Don't let your child become another brick in the wall. Our school makes a great effort to make its students feel attended to and looked after. I've never been made to feel like my child is just one among the crowd. At the same time, there is a certain amount of group activity inside the classroom and out, and there are certain expectations that are placed on the children in terms of following directions and receiving instruction (if only for safety and the sheer mass of children going anywhere at a given time. Lunch periods boast over 400 kids in one space). As long as the children are treated respectfully and are given positive reinforcement, I don't take issue with that. Here is something I'm attempting to tackle: the lunch aides in particular leave a lot to be desired in terms of how they approach the children. My goal is to meet with the principal and talk about giving the aides further tools to positively discipline the kids without incessant yelling or unreasonable punishment.

When it comes to the instruction your child receives in the classroom, be as involved as you can with the teacher to find an approach that works for your child, the teacher, and the class as a whole. Whatever the concern is in your school, be it academic or otherwise, speak up and make your voice be heard. You are your child's best advocate.

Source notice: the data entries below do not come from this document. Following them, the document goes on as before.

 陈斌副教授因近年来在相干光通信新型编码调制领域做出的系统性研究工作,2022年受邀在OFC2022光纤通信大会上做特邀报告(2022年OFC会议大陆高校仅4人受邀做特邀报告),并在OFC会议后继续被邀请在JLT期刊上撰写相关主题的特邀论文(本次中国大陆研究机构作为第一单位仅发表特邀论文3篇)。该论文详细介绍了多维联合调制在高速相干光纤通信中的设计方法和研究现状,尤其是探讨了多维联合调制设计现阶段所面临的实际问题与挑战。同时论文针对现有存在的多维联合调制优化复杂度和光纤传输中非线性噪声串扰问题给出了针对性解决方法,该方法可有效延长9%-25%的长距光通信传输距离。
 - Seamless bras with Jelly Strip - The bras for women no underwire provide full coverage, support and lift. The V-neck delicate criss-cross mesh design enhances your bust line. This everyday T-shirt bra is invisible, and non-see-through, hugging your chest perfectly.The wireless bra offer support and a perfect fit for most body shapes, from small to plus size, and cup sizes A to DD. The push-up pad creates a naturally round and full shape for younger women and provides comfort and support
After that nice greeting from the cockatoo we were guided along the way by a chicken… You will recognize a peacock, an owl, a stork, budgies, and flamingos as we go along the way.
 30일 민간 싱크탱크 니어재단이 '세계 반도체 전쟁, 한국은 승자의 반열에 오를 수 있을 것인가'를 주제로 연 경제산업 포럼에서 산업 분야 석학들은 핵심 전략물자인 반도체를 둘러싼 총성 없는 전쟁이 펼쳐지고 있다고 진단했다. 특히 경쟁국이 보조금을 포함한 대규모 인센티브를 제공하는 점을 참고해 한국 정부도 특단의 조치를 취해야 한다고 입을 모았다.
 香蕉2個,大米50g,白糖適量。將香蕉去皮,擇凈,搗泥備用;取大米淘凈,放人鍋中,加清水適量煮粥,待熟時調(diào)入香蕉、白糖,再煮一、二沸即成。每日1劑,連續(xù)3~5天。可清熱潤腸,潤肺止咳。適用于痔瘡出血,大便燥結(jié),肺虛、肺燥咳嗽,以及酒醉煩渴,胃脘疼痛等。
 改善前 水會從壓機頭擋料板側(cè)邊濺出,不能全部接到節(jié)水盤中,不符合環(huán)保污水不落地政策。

Don't assume anyone else will fight for him/her.

Stay strong--you and your children both. We are living in an age where seemingly every person in civilized society has a gadget and/or is on some type of social networking site. I share a fair amount online and I have a love/hate relationship with social networking, and I don't think it's appropriate for my children. My eight year old son asked me what Facebook was the other day. As I explained it to him I made sure he understood that in our family, at least, that kind of activity is reserved for adults. He also asked me when he would be able to get an iPhone (my answer was, when he's old enough to work and pay for it himself. Same for my girls. That's just the way the cookie crumbles). It's worth noting that many people we are close to and care about make different choices for their kids when it comes to this, so it's important that I reserve criticism and not come from a place of judgment, rather point out that these are our family's choices and what we believe is acceptable.

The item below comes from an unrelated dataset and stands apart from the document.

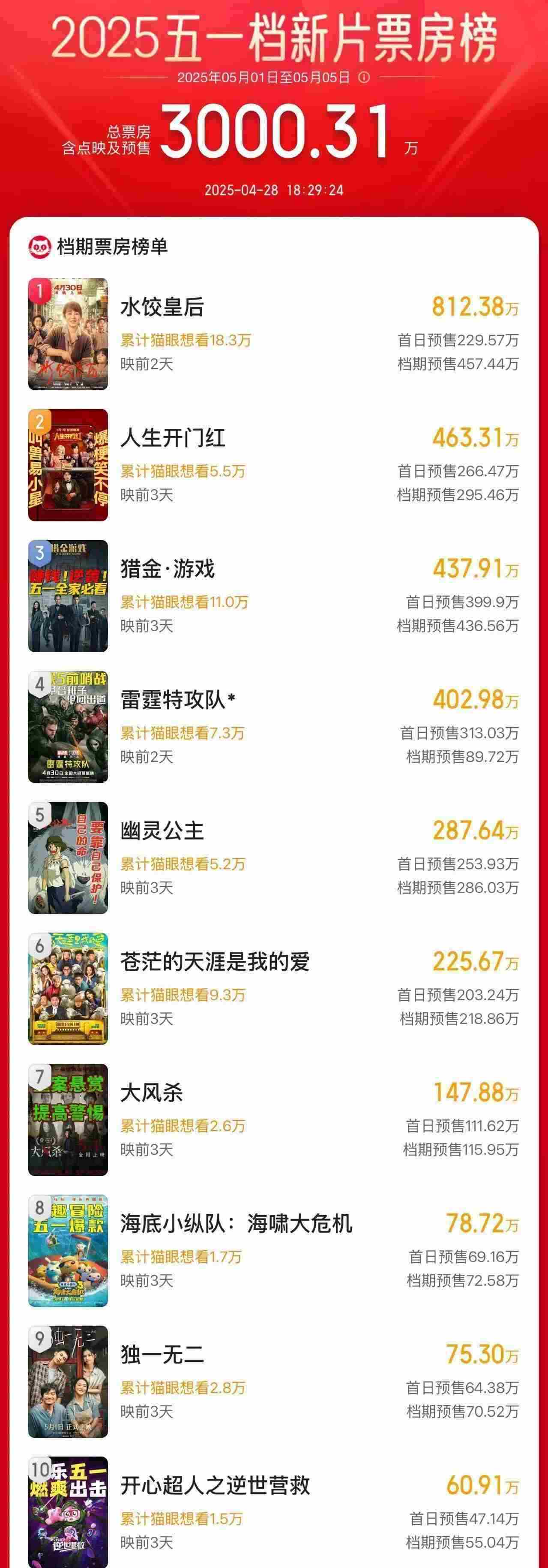 據(jù)網(wǎng)絡(luò)平臺數(shù)據(jù),截至4月28日18時(shí)29分,2025年“五一”檔新片預(yù)售總票房破3000萬,《水餃皇后》《人生開門紅》《獵金·游戲》分列前三位。
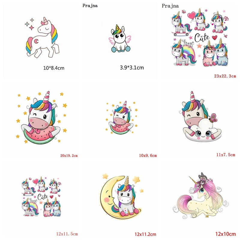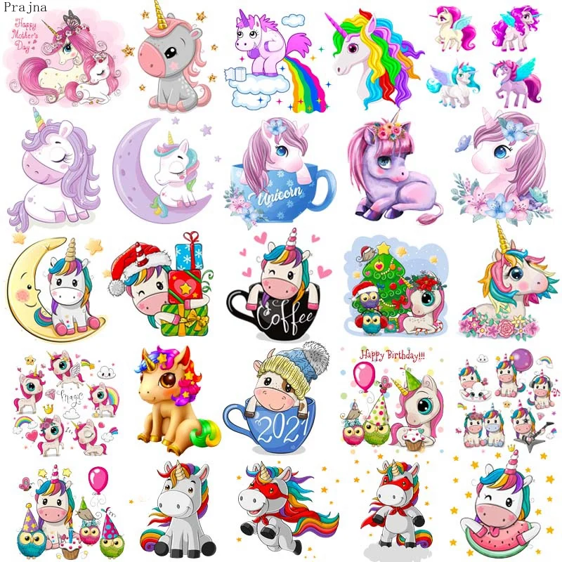 Prajna-Parches de unicornio para planchar en la ropa, parche de dibujos animados, transferencia de calor, pegatina térmica, lindo, transferencia de hierro

Along the same lines, my kids will ask for certain food, toys or activities that they see other children getting or engaging in. Once again, I do my best to reserve criticism--even more so since we talk a lot about people being created different, but equal. I have to accept that as many positive things as my kids are being exposed to, there is plenty of negative exposure, as well. and  I simply explain our family's beliefs and reiterate why we choose to live the way we do and consume what we do. It gets harder as our children get older, especially as they approach the age where insecurity sets in, and they just want to be liked. Going against the grain gets tougher and tougher. To that end, I try and instill in my kids a strong sense of self. I want them to be independent, confident and steadfast in who they are--and of course, that starts with me.

Come September, I will have two kids in school all day, with only my little one left at home to brainwash—er, parent and teach. My hope is that all my children will take with them the good lessons and learn to ignore the bad.